Write an Excel file with C# [duplicate] - c#

Is there any easy to implement library that can be used to read excel files and may be create them later on?
is this my best bet?
http://support.microsoft.com/kb/302084

Try this: http://epplus.codeplex.com
EPPlus is a .net library that reads and writes Excel 2007/2010 files
using the Open Office Xml format (xlsx).

If you are willing to commit yourself to a later version of Excel (2007+) you can also take a look at the OpenXML SDK. It's free, doesn't tie you to having MS Office installed on the machine it will be running on and there are quite a few resources available on how to use it online (including blogs from the OpenXML team).

There is excel package plus:
http://epplus.codeplex.com/
Only works on xlsx though, but Office 2003 is cycling out anyway.

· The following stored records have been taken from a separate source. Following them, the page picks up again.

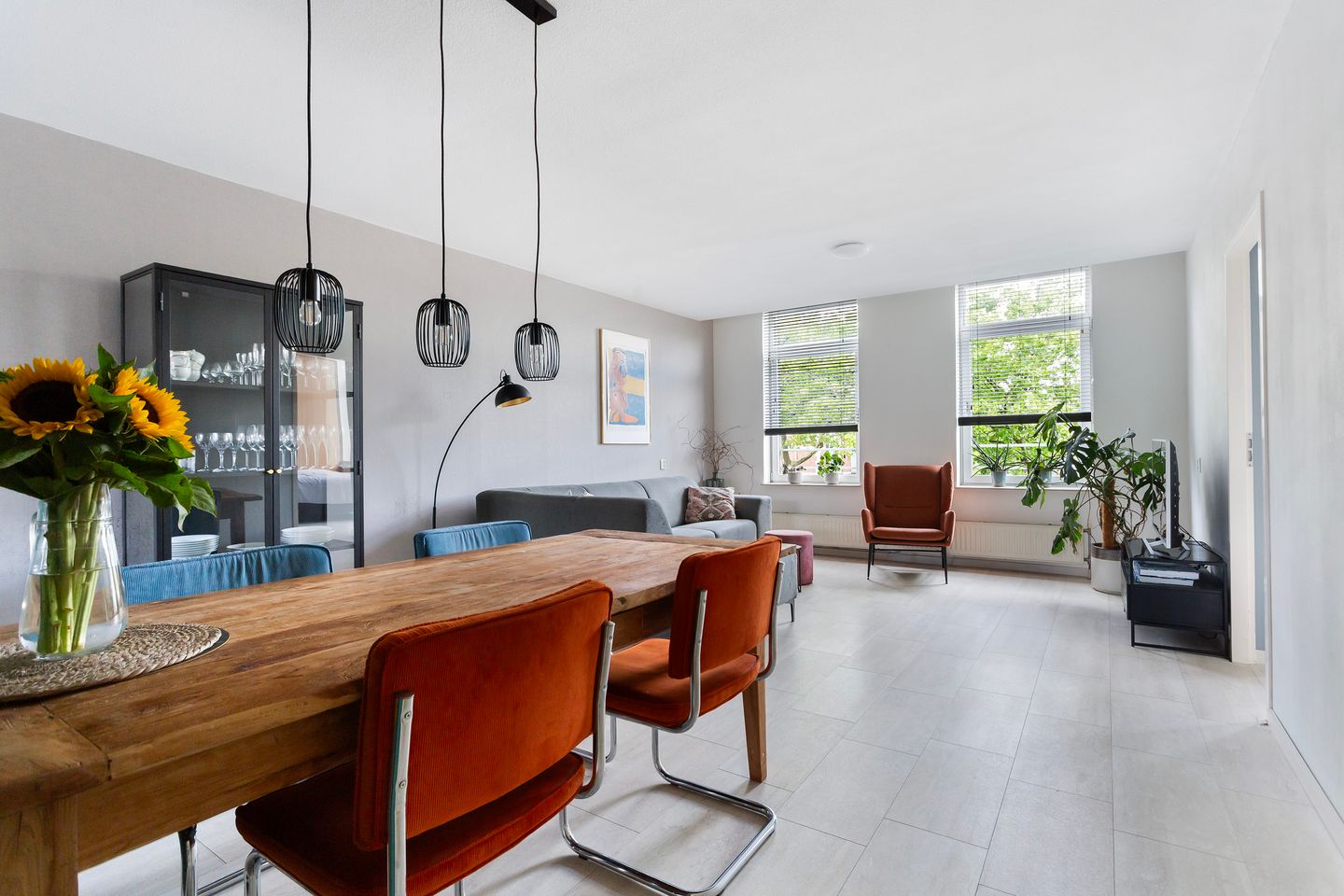 Startend in de woonkamer; die lekker licht is en ruim opgezet. De jaloezieën zorgen voor een fijne sfeer. De halfopen keuken (2022) is voorzien van moderne inbouwapparatuur en is afgewerkt met stoere donkergrijze fronten en een zwart werkblad. Vanuit de keuken loop je zo door naar het balkon, gelegen op het noordoosten: de perfecte plek voor een kop koffie in de ochtendzon of een borrel in de avond.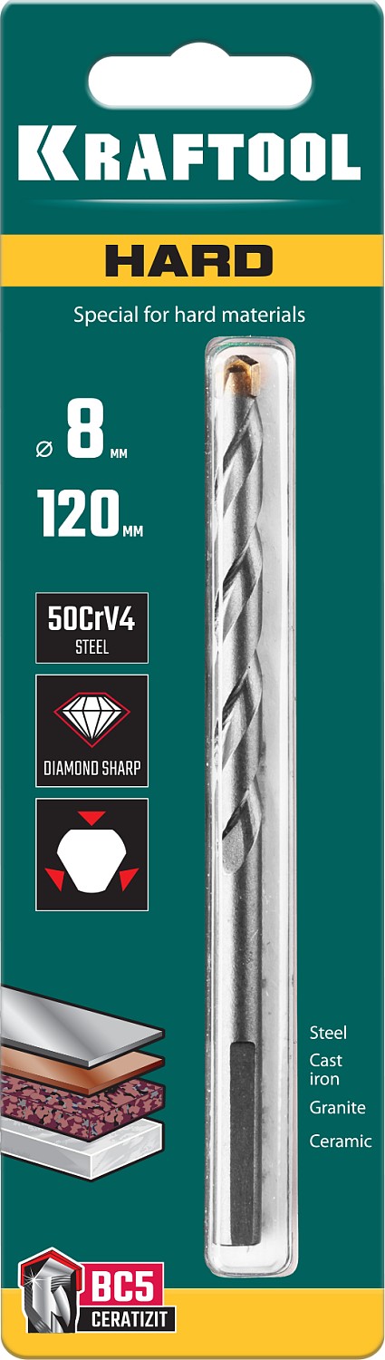 KRAFTOOL Hard, 8 х 120 мм, тв.сплав ВС5, сверло специальное по твёрдым материалам (29177-120-8)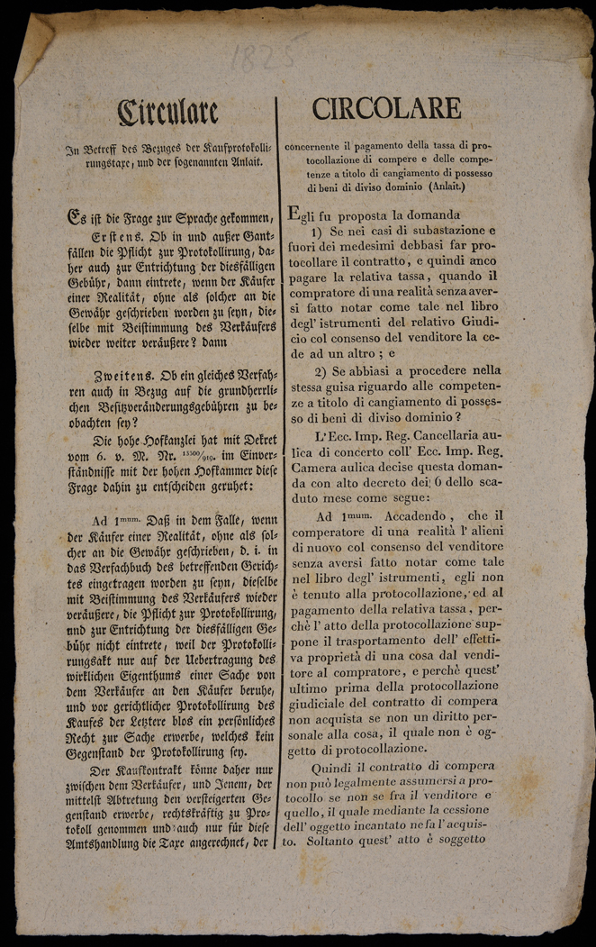 | Circulare in Betreff des Bezuges der Kaufprotokollirungstaxe, und der sogenannten Anlait |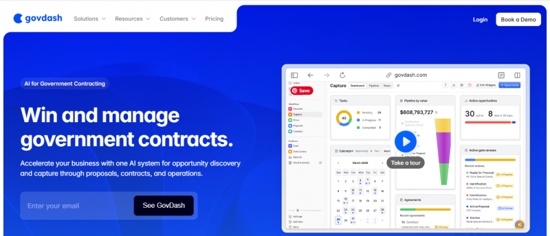 GovDash provides an AI platform that streamlines capture, proposals, contract management, and related workflows for government contracting. It replaces multiple tools with unified processes, producing compliant proposals 60% faster using past performance data. The platform organizes federal documents, tracks opportunities from SAM.gov and PIEE, and delivers real-time insights across capture, proposal, and contract stages. AI agent Dash offers context-aware support, web searching, and agentic editing within workflows. Knowledge management reduces content duplication, while capability breakdowns link company data to contract requirements.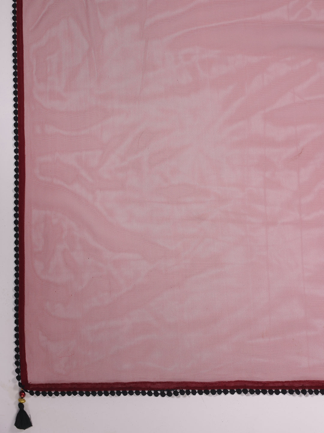 Black Round Neck Viscose Kurta Set with Dupatta – Featuring a vibrant paisley print on soft viscose, this kurta set comes with flared black pants and a matching maroon dupatta. A perfect blend of tradition and elegance for festive and casual occasions.

You can use ExcelLibrary ,Although it works for .xls only which is 2003 format
The aim of this project is provide a native .NET solution to create, read and modify Excel files without using COM interop or OLEDB connection.
I had a chance of using EPPLUS ,it was wonderful :) ,It works for new excel format .xlsx which is used in 2007/2010
EPPlus is a .net library , you can read and write to excel files ,create charts ,pictures ,shapes... and Much more
Also take a look at this SO post

I've used oledb, interop and just started using Epplus. So far epplus is proving to be simplest.
http://epplus.codeplex.com/
However, I just posted a problem I have with epplus, but I posted some code you could use as reference.
c# epplus error Removed Part: Drawing shape

I like to use ExcelDataReader for reading and the aforementioned EPPlus for writing. Here's an example.
Here's an example of reading with it:
FileStream stream = File.Open(filePath, FileMode.Open, FileAccess.Read);
// Reading from a binary Excel file ('97-2003 format; *.xls)
// IExcelDataReader excelReader = ExcelReaderFactory.CreateBinaryReader(stream);
// Reading from a OpenXml Excel file (2007 format; *.xlsx)
IExcelDataReader excelReader = ExcelReaderFactory.CreateOpenXmlReader(stream);
// DataSet - The result of each spreadsheet will be created in the result.Tables
DataSet result = excelReader.AsDataSet();
// Free resources (IExcelDataReader is IDisposable)
excelReader.Close();
var cdm = new ValueSetRepository();
for (int i = 0; i < result.Tables.Count; i++)
{
// CHECK if tableNames filtering is specified
if (tableNames != null)
{
// CHECK if a table matches the specified tablenames
var tablename = result.Tables[i].TableName;
if (!tableNames.Contains(tablename))
{
continue;
}
}
var lookup = new ValueSetLookup();
lookup.CmsId = result.Tables[i].Rows[2][0].ToString();
lookup.NqfNumber = result.Tables[i].Rows[2][1].ToString();
lookup.Data = new List<ValueSetAttribute>();
int row_no = 2;
while (row_no < result.Tables[i].Rows.Count) // i is the index of table
// (sheet name) which you want to convert to csv
{
var currRow = result.Tables[i].Rows[row_no];
var valueSetAttribute = new ValueSetAttribute()
{
Id = currRow[0].ToString(),
Number = currRow[1].ToString(),
tName = currRow[2].ToString(),
Code = currRow[7].ToString(),
Description = currRow[8].ToString(),
};
lookup.Data.Add(valueSetAttribute);
row_no++;
}
cdm.AddRecord(lookup);

A company I used to work for did a lot of research on this and decided a product by SoftArtisans was their best bet:
OfficeWriter
I always found it strange how weak the support for Excel reading and writing was. I'm pretty sure that if you use Microsoft's libraries you have to have Excel installed anyway which is an extra expense just like OfficeWriter.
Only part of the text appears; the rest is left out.